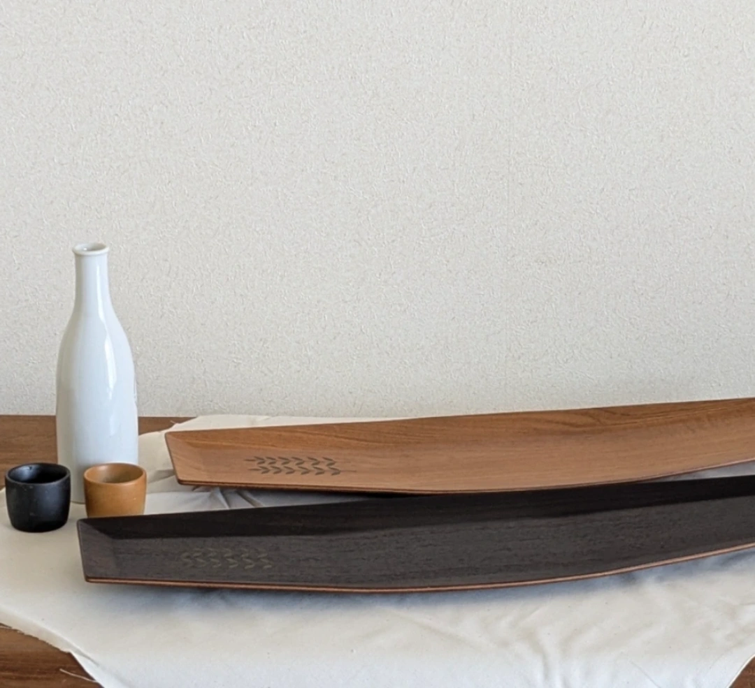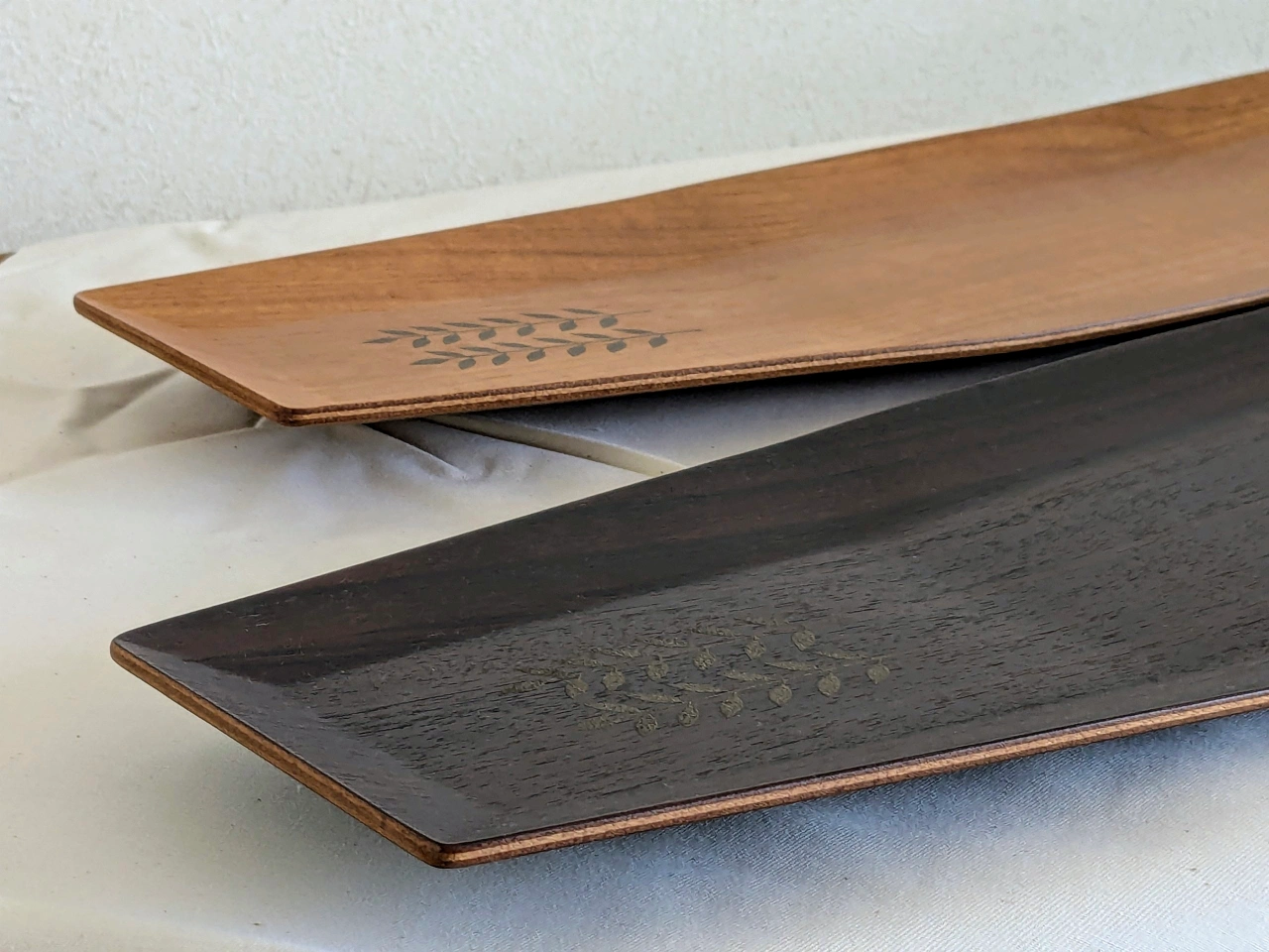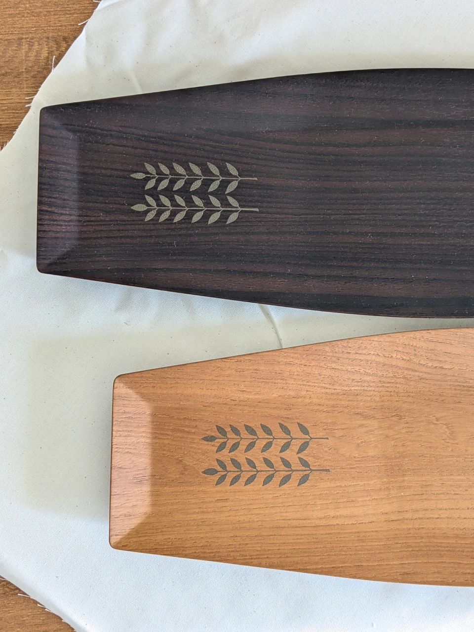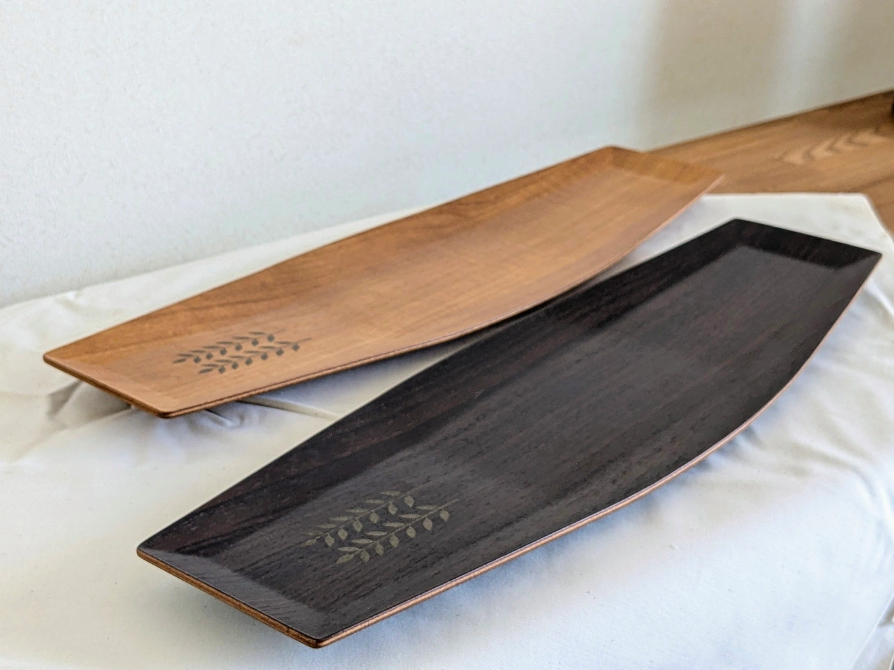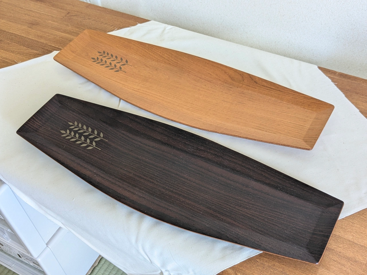 長さ50cmほどの舟形の盛り皿一組です 突き板合板プレス成形、文様はプリント塗装 ☆価格応相談 実家整理で出てきたものです おそらく使うことはなかったと思います 裏面若干擦りキズ有り 経年乾燥していたため全体に木製食器用の蜜蝋ワックスで 軽く手入れしてあります 1965年 高島屋 ロジエ Rosier 長さ約52cm×幅約16cm×高さ約1.5cm 裏面のシールは今でも使われている高島屋の「線ばら」「Rosier」や共箱の「R」のロゴは今は使われていないようです 高島屋でもこの商品について詳細不明とのことです 引き出物として出されたのかも知れません 高島屋ロジエ = 高島屋と「乃村工藝社」の折半出資。1959年設立、1961年独立、2016年解散。 共箱 約54cm×約18cm×約4cm 共箱はひどいものです 重さ(箱共)0.8kg (送料80 サイズ850円込み) この舟形、特に双葉の文様デザインについてご存知の方いらっしゃいましたらご教示ください。
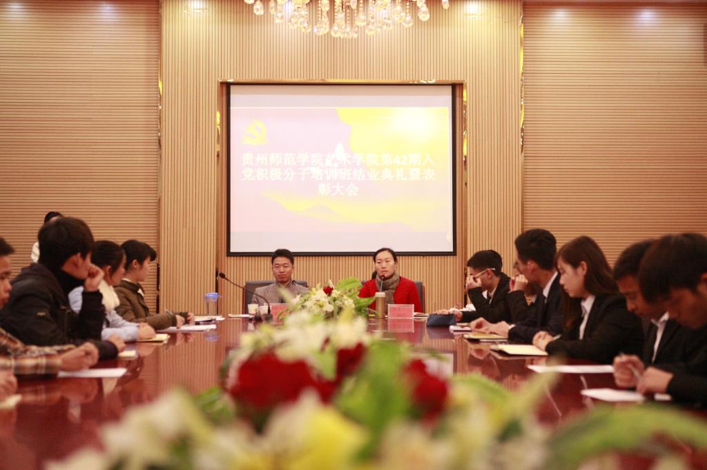会上,付巧讲述了党从小到大,从弱到强的光辉历程,并高度赞扬了第42期入党积极分子培训班的全体成员,肯定了他们的成果。她强调:希望每一个学员都有坚韧不拔,执着追求的信念,要明确自己的身份。人的健康看早上,人的成功看晚上,把自己角色扮演好,艺术公司就可以蓬勃发展。最后,由艺术公司团委书记舒然宣布第42期入党积极分子优秀学员名单并颁发证书以资鼓励。
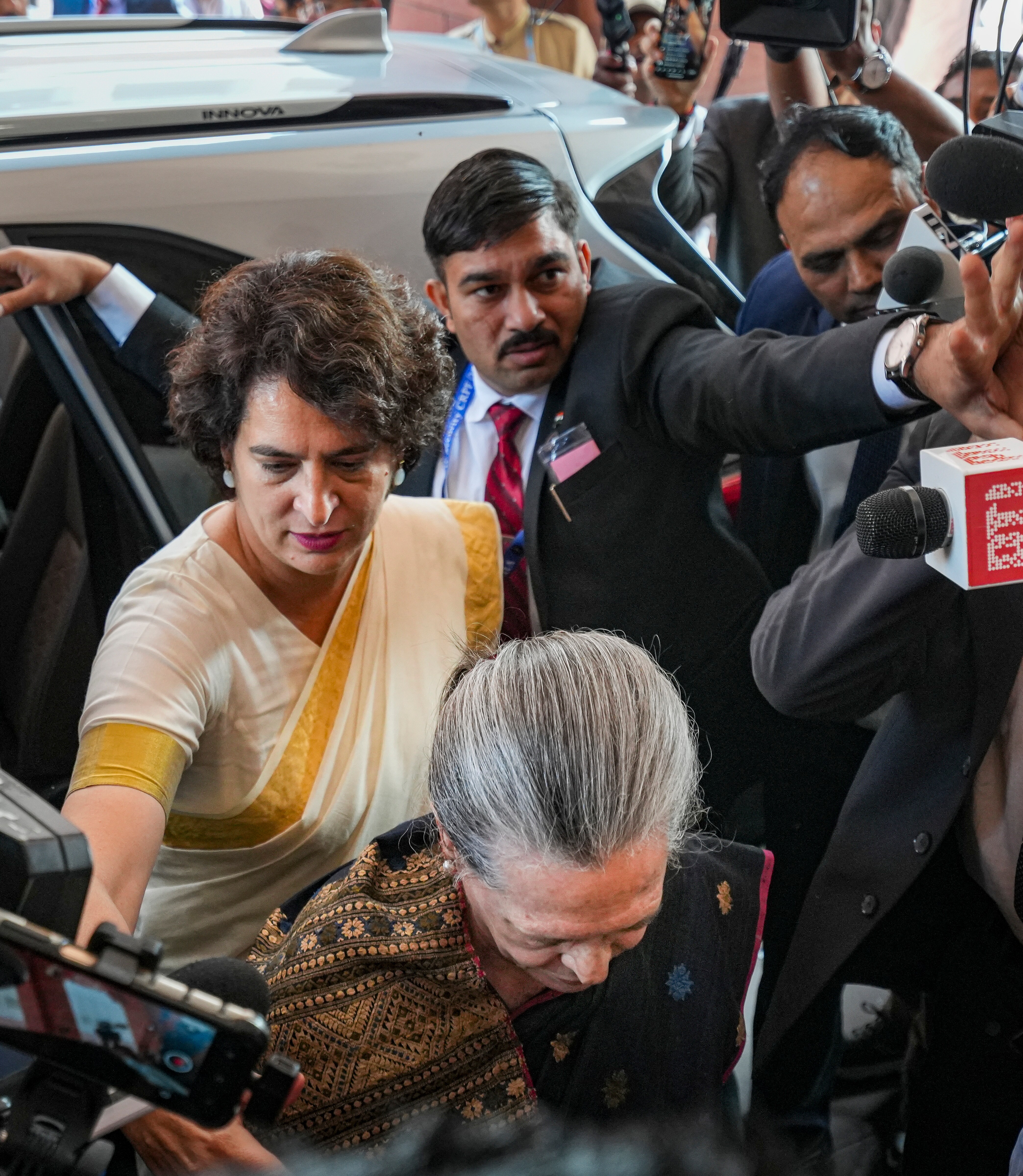 The 52-year-old, who joins her mother Sonia and brother Rahul as an MP in what is a rare instance of three members of a family together in Parliament, took affirmation in Hindi, while holding a copy of the Constitution soon after the House met.
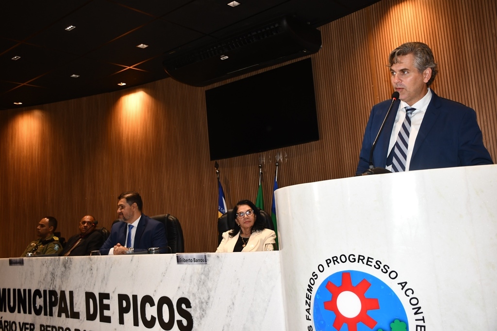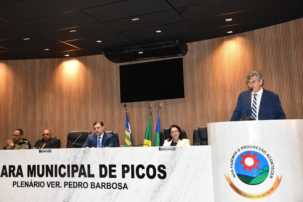 Durante a mensagem, o prefeito Pablo Santos destacou a harmonia entre os poderes e agradeceu o apoio de parceiros federais e estaduais na captação de recursos para obras essenciais em Picos.
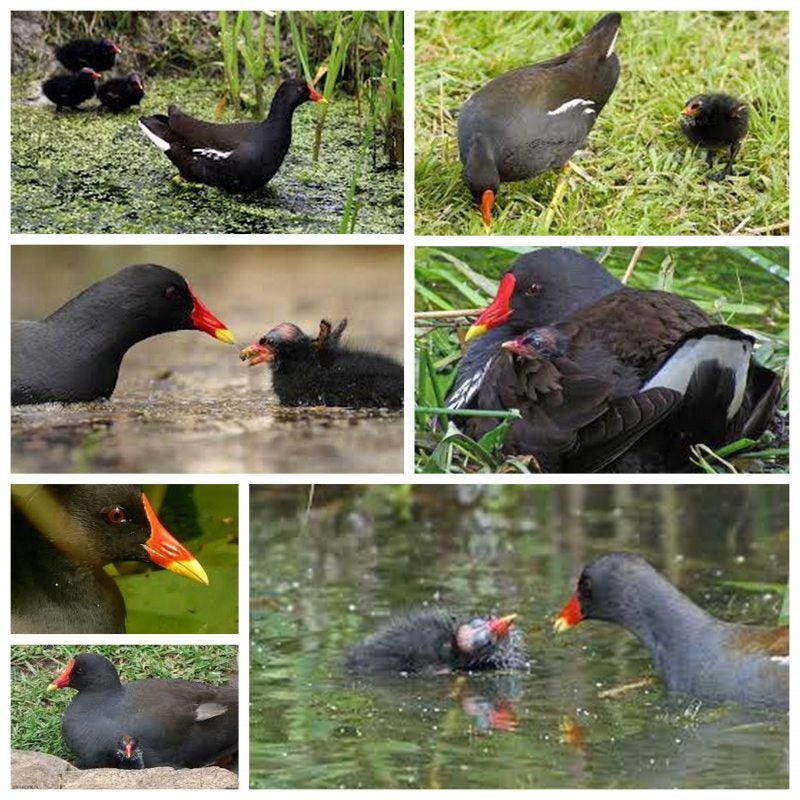 Vanmorgen was ik in de tuin bij het water mijn was aan de droogmolen aan het ophangen. Daar kwam de familie waterkip. Hadden ze vorige week nog 7 kuikens, het was nu geslonken naar 2.
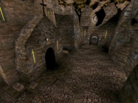 This pack is a sequel to "Carved In flesh", although it can be played either stand alone or carrying on from those maps. Architecture continues the feel of Carved in Flesh; lots of rockfaces and open rocky areas linked by stone corridors and heavy sliding doors. There some very imaginative brushwork including stone bridges, platforms and walkways and everything has a satisfying chunky, solid feel. Texturing is again a standout feature of the maps, with some highly imaginative and interesting textures, especially on doors and windows. The map also has a significant amount of new custom monsters and weapons [from the readme.txt]:

GOAL OF THE EXERCISE: Beginning with the line that contains "The 52-year-old, who", reproduce every line through the end of the records above exactly, leaving pictures out.

OUTPUT BELOW:
 The 52-year-old, who joins her mother Sonia and brother Rahul as an MP in what is a rare instance of three members of a family together in Parliament, took affirmation in Hindi, while holding a copy of the Constitution soon after the House met.
 Durante a mensagem, o prefeito Pablo Santos destacou a harmonia entre os poderes e agradeceu o apoio de parceiros federais e estaduais na captação de recursos para obras essenciais em Picos.
 Vanmorgen was ik in de tuin bij het water mijn was aan de droogmolen aan het ophangen. Daar kwam de familie waterkip. Hadden ze vorige week nog 7 kuikens, het was nu geslonken naar 2.
 This pack is a sequel to "Carved In flesh", although it can be played either stand alone or carrying on from those maps. Architecture continues the feel of Carved in Flesh; lots of rockfaces and open rocky areas linked by stone corridors and heavy sliding doors. There some very imaginative brushwork including stone bridges, platforms and walkways and everything has a satisfying chunky, solid feel. Texturing is again a standout feature of the maps, with some highly imaginative and interesting textures, especially on doors and windows. The map also has a significant amount of new custom monsters and weapons [from the readme.txt]:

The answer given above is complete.